Fatal hemorrhage in mice lacking gamma-glutamyl carboxylase

Abstract

The carboxylation of glutamic acid residues to gamma-carboxyglutamic acid (Gla) by the vitamin K-dependent gamma-glutamyl carboxylase (gamma-carboxylase) is an essential posttranslational modification required for the biological activity of a number of proteins, including proteins involved in blood coagulation and its regulation. Heterozygous mice carrying a null mutation at the gamma-carboxylase (Ggcx) gene exhibit normal development and survival with no evidence of hemorrhage and normal functional activity of the vitamin K-dependent clotting factors IX, X, and prothrombin. Analysis of a Ggcx(+/-) intercross revealed a partial developmental block with only 50% of expected Ggcx(-/-) offspring surviving to term, with the latter animals dying uniformly at birth of massive intra-abdominal hemorrhage. This phenotype closely resembles the partial midembryonic loss and postnatal hemorrhage previously reported for both prothrombin- and factor V (F5)-deficient mice. These data exclude the existence of a redundant carboxylase pathway and suggest that functionally critical substrates for gamma-carboxylation, at least in the developing embryo and neonate, are primarily restricted to components of the blood coagulation cascade.

Figure 1

Targeting of the murine γ-carboxylase gene by homologous recombination. (A) structure of the endogenous γ-carboxylase gene. The targeting vector contains a neomycin resistance cassette (N), driven by the phosphoglycerokinase promoter, that replaces murine exons 3 to 13 flanked by 5.8 kb of 5′ and 7 kb of 3′ homologous DNA arms. The predicted product of successful homologous recombination is shown at the bottom. The location of hybridization probes a and b, used to detect successful targeting, are indicated. (B) Southern blot analyses demonstrating the expected genomic fragments from the 3′ end of the locus. Genomic DNA was prepared from tail biopsies of Ggcx^+/+, Ggcx^+/−, and Ggcx^−/− mice and was analyzed by restriction digestion with EcoRV and hybridization with probe b.
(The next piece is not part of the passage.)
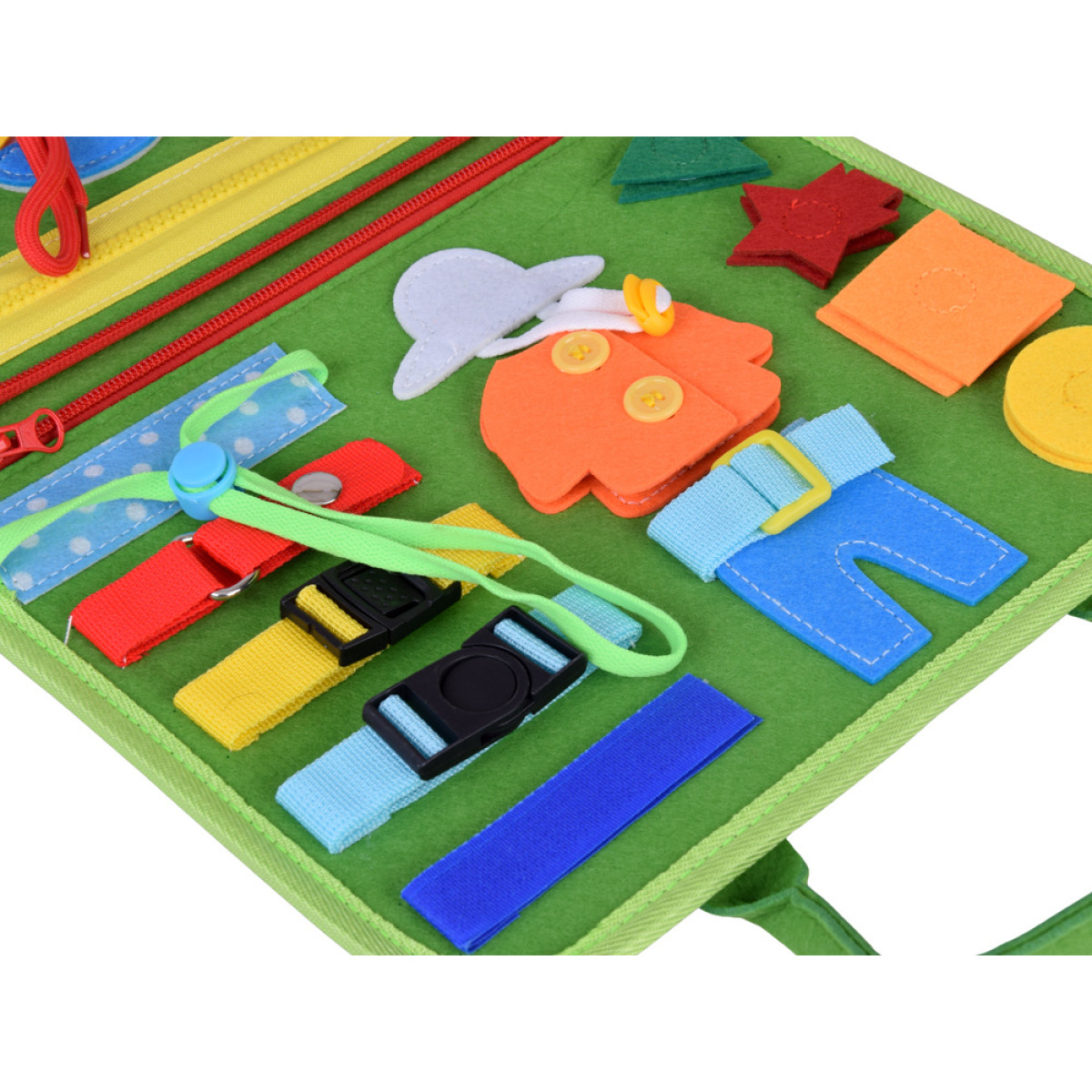 Lehekülg 1 – Riietumise õppimine: Rõivaelemendid lukustamiseks, avamiseks, sidumiseks ja läbipõimimiseks. Laps arendab sõrmeoskusi ja õpib iseseisvust riietumisel.

Restriction of Ggcx^+/+ genomic DNA yields a fragment of 18 kb after hybridization with probe b. The targeted Ggcx^+/− DNA yields 2 distinct bands of 15 kb and 18 kb, indicating that correct targeting of the Ggcx gene has occurred. Animals harboring copies of the targeted allele at both chromosomal loci show the expected hybridization band only at 15 kb, indicating that both copies of the Ggcx gene have been successfully deleted. The presence of the PCR primers (N1, N2, K1, and K2) used for subsequent genotyping are indicated in panel A.

Figure 2

Analysis of γ-carboxylase expression. (A) Western blot analysis of mouse fetal liver microsomes probed with an antibody raised against recombinant bovine γ-carboxylase. All lanes were loaded with 5 ng of microsomal protein except for the 2x −/− lane, which contains 10 ng of microsomal protein. (B) Incorporation of ¹⁴CO₂ into FLEEL by solubilized γ-carboxylase from the livers of Ggcx^+/+ mice was considered 100% γ-carboxylase activity, and the incorporation of ¹⁴CO₂ by solubilized carboxylase from Ggcx^+/− and Ggcx^−/− mice were expressed as a percentage of the wild-type. Mean values; error bars indicate ± SD.

Figure 3

Phenotype of Ggcx^−/− mice. (A) Newborn progeny from a Ggcx^+/− intercross. The homozygous null animals (arrows) exhibit intra-abdominal hemorrhage. (B) X-rays from the same animals shown in panel A. Arrows again indicate the homozygous null mice.